> **ABOUT THIS EXERCISE**: Return exactly the lines from the one containing "民政部11月1日于官网发布《" through the end of the material below, and leave the images out.

> **PROVIDED RECORDS**:
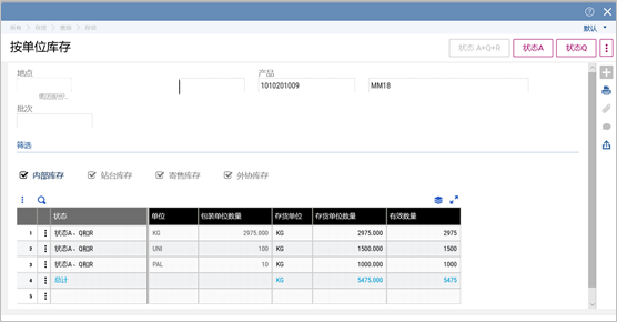 库存查询中,可以对不同批次的物料,按照单位统计分析。
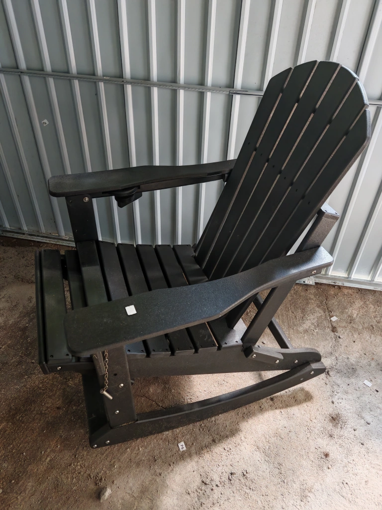 65Selling a black Adirondack rocking chair. It's perfect for relaxing on the porch or in the backyard. This chair features a comfortable design and smooth rocking motion. It's made of durable material that can withstand the elements, so you can enjoy it for years to come
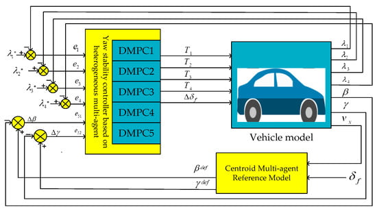 Y et al. proposed an integrated MPC method based on the four-wheel independent steering system (4WIS) and a DYC of the chassis of the distributed drive electric vehicle based on the unscented Kalman filter (UKF) observer, which effectively improves the vehicle stability [4]. S et al. proposed a linear matrix inequality (LMI) H∞ controller based on the integration of DYC and AFS, which effectively improves vehicle stability [5]. Wang et al. proposed a coordinated control method of ABS and DYC based on sliding mode variable structure control (SMC) three-layer hierarchical control architecture to shorten the braking distance and ensure vehicle stability under emergency braking under complex driving conditions [6]. Feng et al. proposed a coordinated control method for ABS, DYC, and AFS based on the three-layer hierarchical control architecture of fuzzy control and SMC, which improved the braking safety and directional stability of the vehicle in the separation of road emergency braking [7]. Wang et al. proposed an integrated controller of AFS with electronic stability control (ESC) based on an MPC overall control framework to solve the problems of mutual interference and control allocation in the integrated control of AFS and ESC, and effectively improved vehicle stability [8]. Pugi, L. et al. used an electric traction/brake fuzzy logic controller to improve the longitudinal dynamics and overall vehicle stability of a green shuttle vehicle (GSV) driving on a road with reduced adhesion [9]. Guodong Yin’s team proposed an H∞ controller combined with the T-S fuzzy method to integrate AFS and DYC to improve vehicle control performance and stability [10]. Tian et al. proposed an adaptive path tracking control strategy based on the MPC algorithm to coordinate AFS and DYC to ensure the stability of vehicles under high speed and large curvature conditions [11]. At present, the methods to improve vehicle stability based on integrated ABS, AFS, and DYC controls include SMC, MPC, fuzzy control, H∞ control, etc. Among them, DMPC has become an important tool for dealing with large-scale complex systems with its advantages of online optimization, flexible structure, clear constraint solution, and nonlinearity [12,13]. DMPC conforms to the characteristics of the distributed system and has higher flexibility and fault tolerance. It can realize the model dimension reduction of complex systems, reduce the amount of calculation, and improve the control efficiency, especially when the system has high-order models and state and control constraints. The coordinated control of ABS, DYC, and AFS in the above literature adopts a hierarchical integrated control method. However, in practical applications, the complex system has the characteristics of large scale, multiple variables, and multiple constraints, and the traditional control method cannot meet the control requirements [14]. Guodong Yin’s team proposes a distributed coordinated control architecture for AFS and DYC for distributed drive electric vehicles based on a multi-agent system (MAS) based on the MPC control method, which regards AFS and DYC as multi-agents and jointly improves the lateral stability of vehicles [15]. Therefore, following Guodong Yin’s team [15], this paper proposes a coordinated control method with integrated ABS and AFS based on DMPC, which solves the complexity problem of the traditional hierarchical centralized control systems and improves the solving speed of the model.
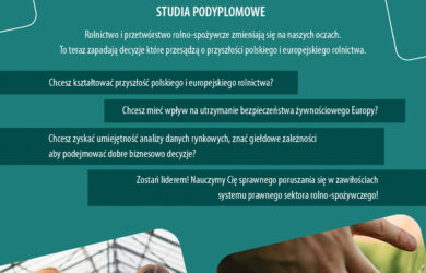 Na prośbę Instytutu Gospodarki Rolnej przekazujemy Państwu informację o ofercie studiów podyplomowych. Studia są dla osób, które:
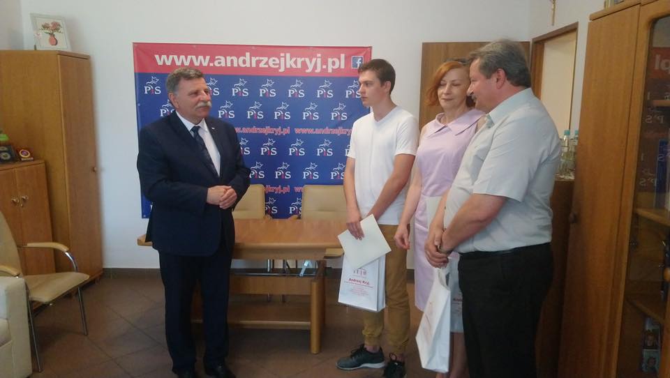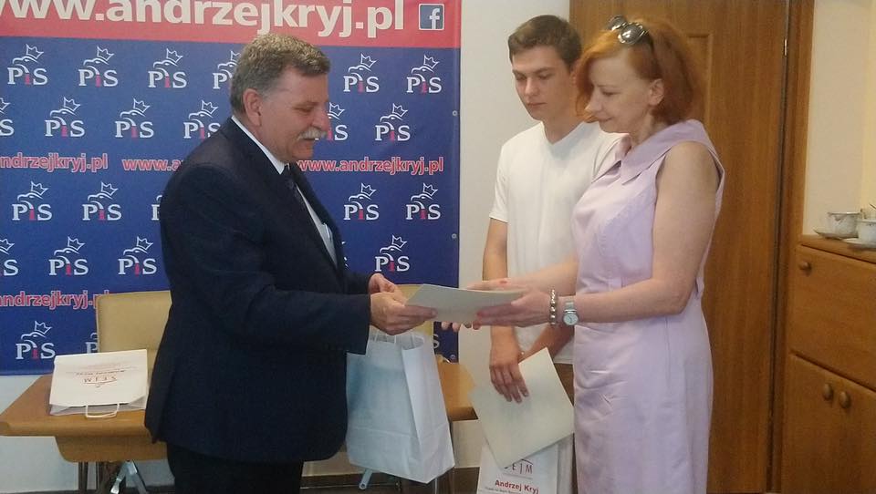 Poseł Andrzej Kryj podkreśla, że młodych i zdolnych trzeba doceniać i wyróżniać. Każde podsumowanie roku szkolnego daje mu możliwość wytypowania najlepszych i docenienia ich ciężkiej pracy i trudu włożonego w naukę.
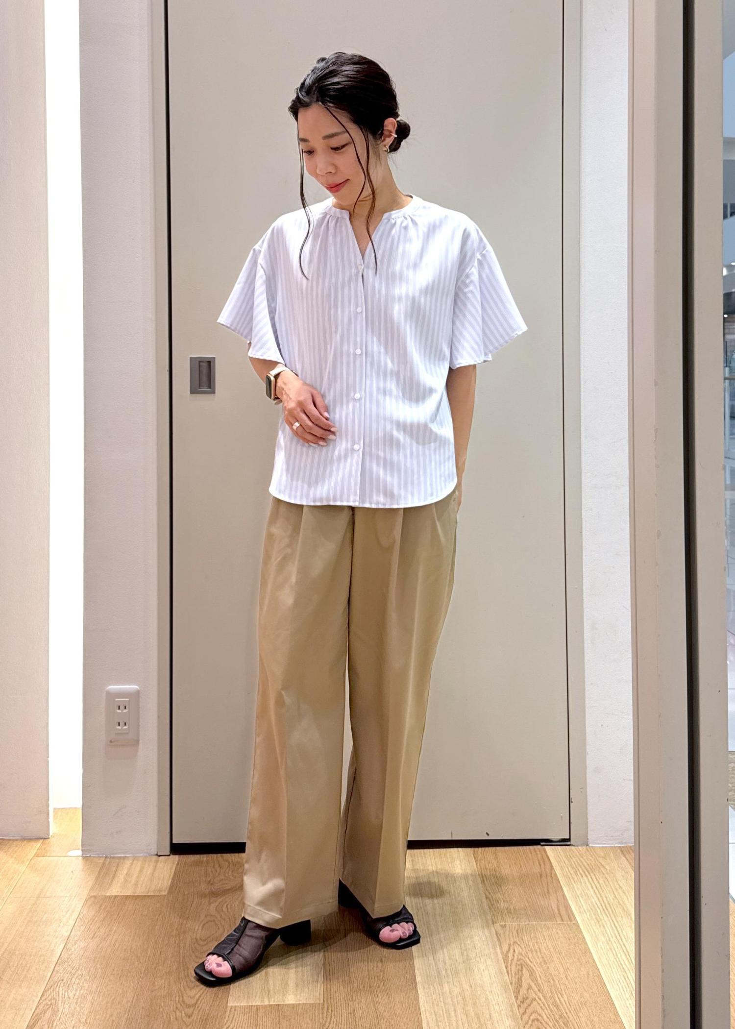 人気のフレアブラウスにチノライクパンツを合わせて綺麗めカジュアルなコーディネートにしてみました!
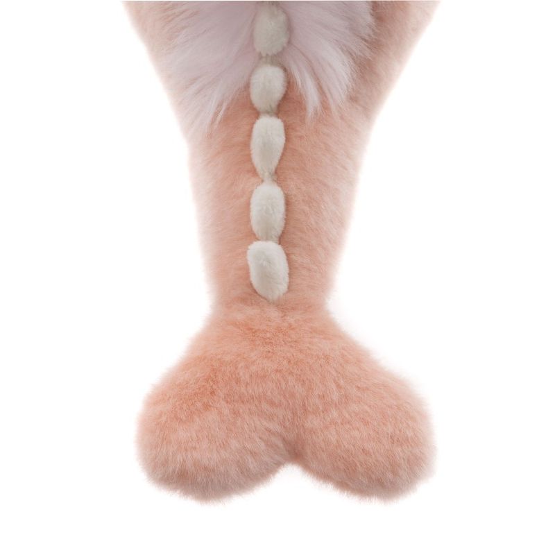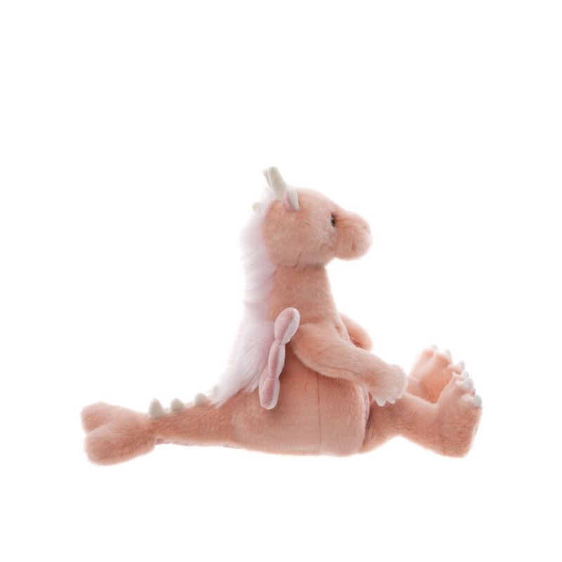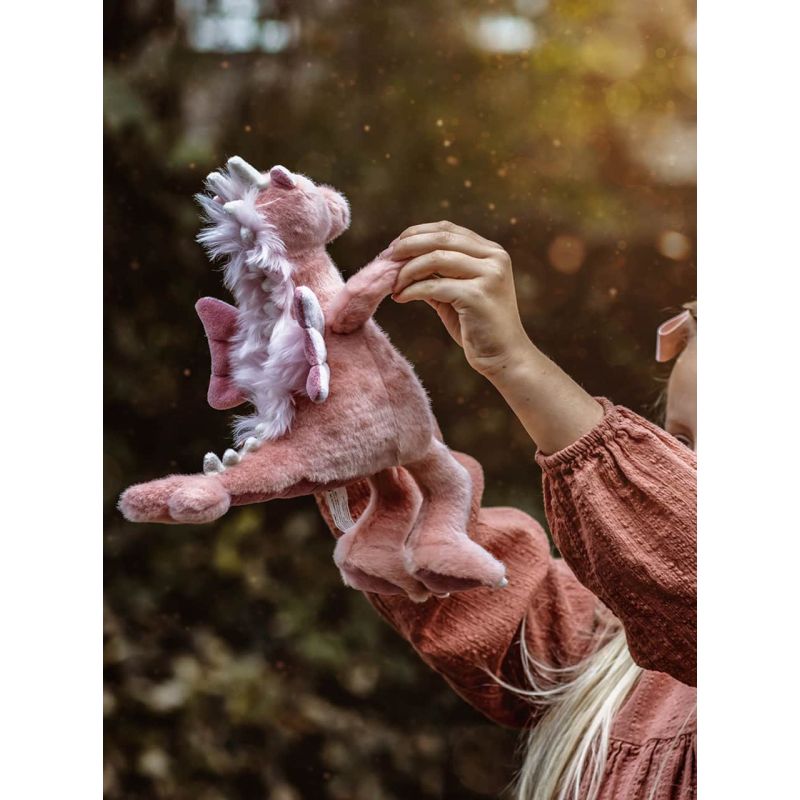 Hendes pels er blød som candyfloss i sarte rosa nuancer, og de små vinger, kløer og horn giver hende et fortryllende udtryk, der vækker nysgerrighed og varme. Hun er perfekt formet til små hænder, der vil kramme, lege og drømme – men hun pynter også smukt som en del af en samling for dem, der elsker blødt håndværk og eventyrlige figurer.
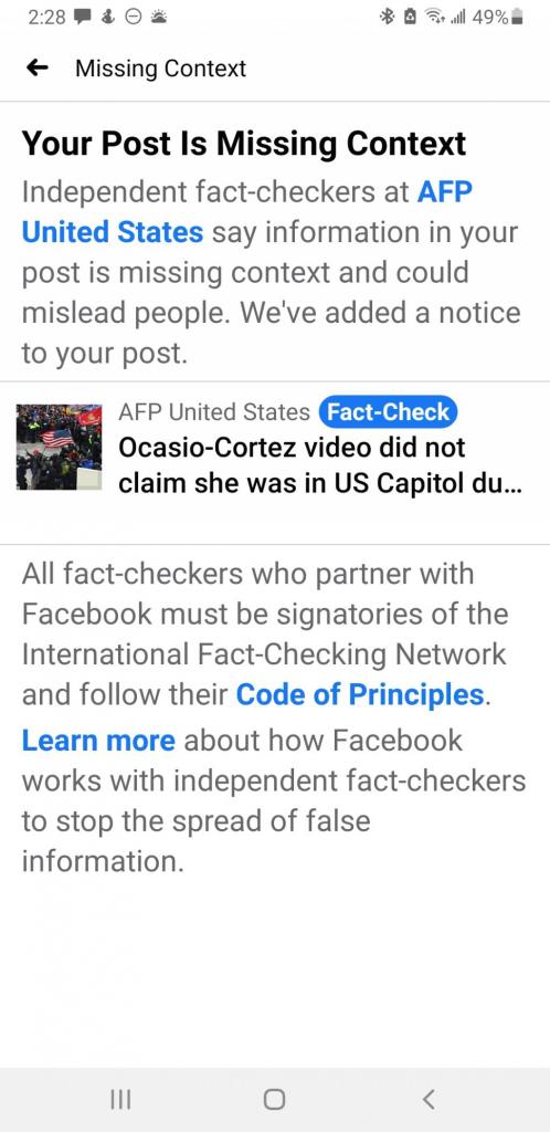 It's interesting that Facebook did this. I'm pretty sure they didn't flag AOC's post that it's missing context because she wasn't at the Capitol--in case people misinterpret her hyperbole.
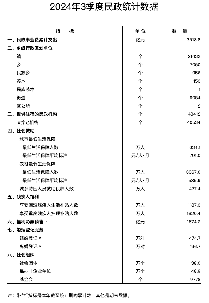 民政部11月1日于官网发布《2024年3季度民政统计数据》。统计数据显示,今年前三季度,全国结婚登记474.7万对,离婚登记196.7万对。较去年同期,今年前三季度结婚登记量减少94.3万对,离婚登记量减少0.6万对。
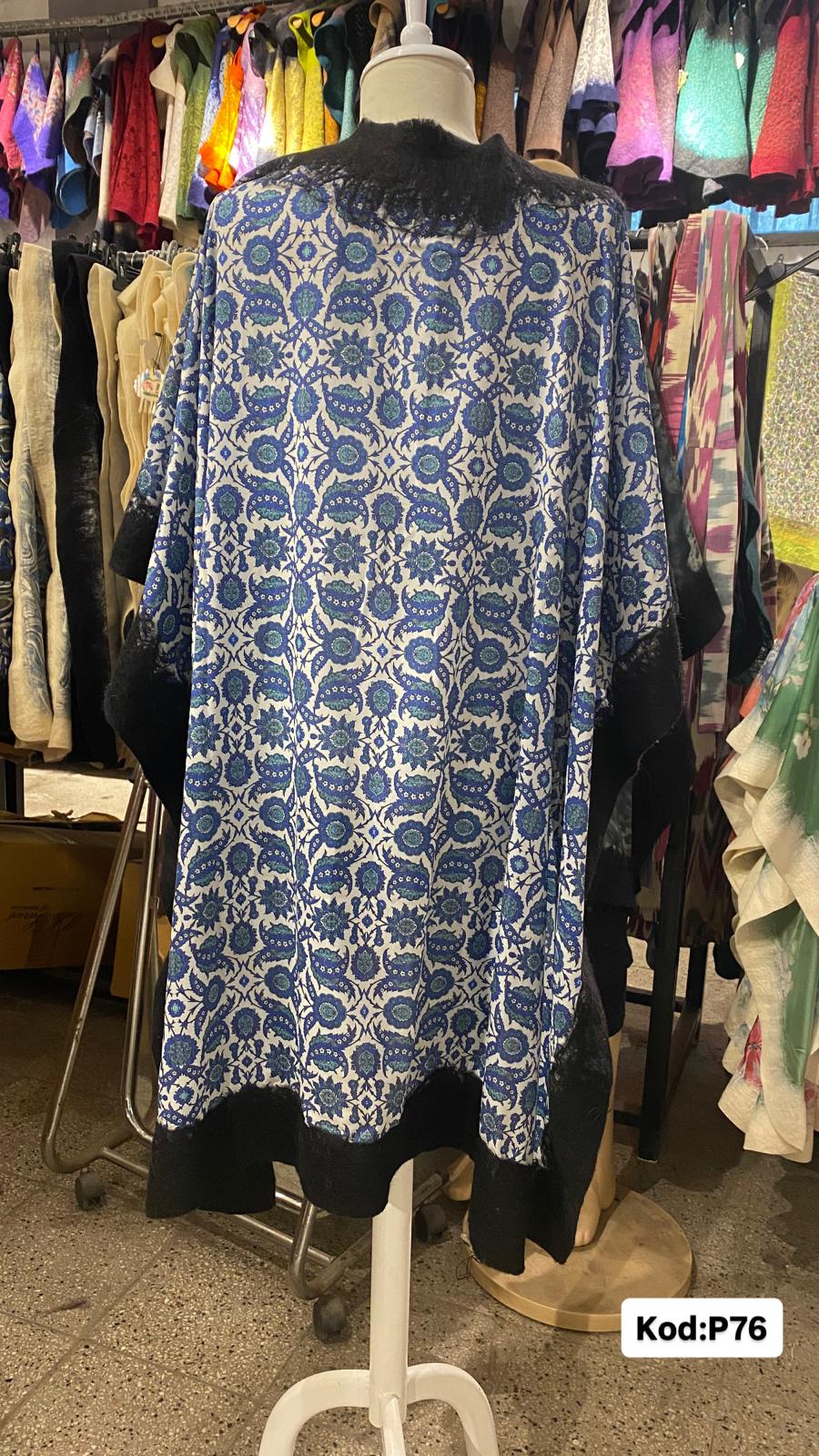 Keçe pançolarımızı 20-24 mikyon yünlerden elde üretilmiştir Vual nefes alan kumaştır Dijital baskı ile kumaş tasarım desenler kullanılmıştır Pançonun sadece kenar kısımları keçeleştirilireke üretilmiştir Standart bedendir.Omuz =42 Boy=101 ölçüsündedir

> **OUTPUT BELOW**:
 民政部11月1日于官网发布《2024年3季度民政统计数据》。统计数据显示,今年前三季度,全国结婚登记474.7万对,离婚登记196.7万对。较去年同期,今年前三季度结婚登记量减少94.3万对,离婚登记量减少0.6万对。
 Keçe pançolarımızı 20-24 mikyon yünlerden elde üretilmiştir Vual nefes alan kumaştır Dijital baskı ile kumaş tasarım desenler kullanılmıştır Pançonun sadece kenar kısımları keçeleştirilireke üretilmiştir Standart bedendir.Omuz =42 Boy=101 ölçüsündedir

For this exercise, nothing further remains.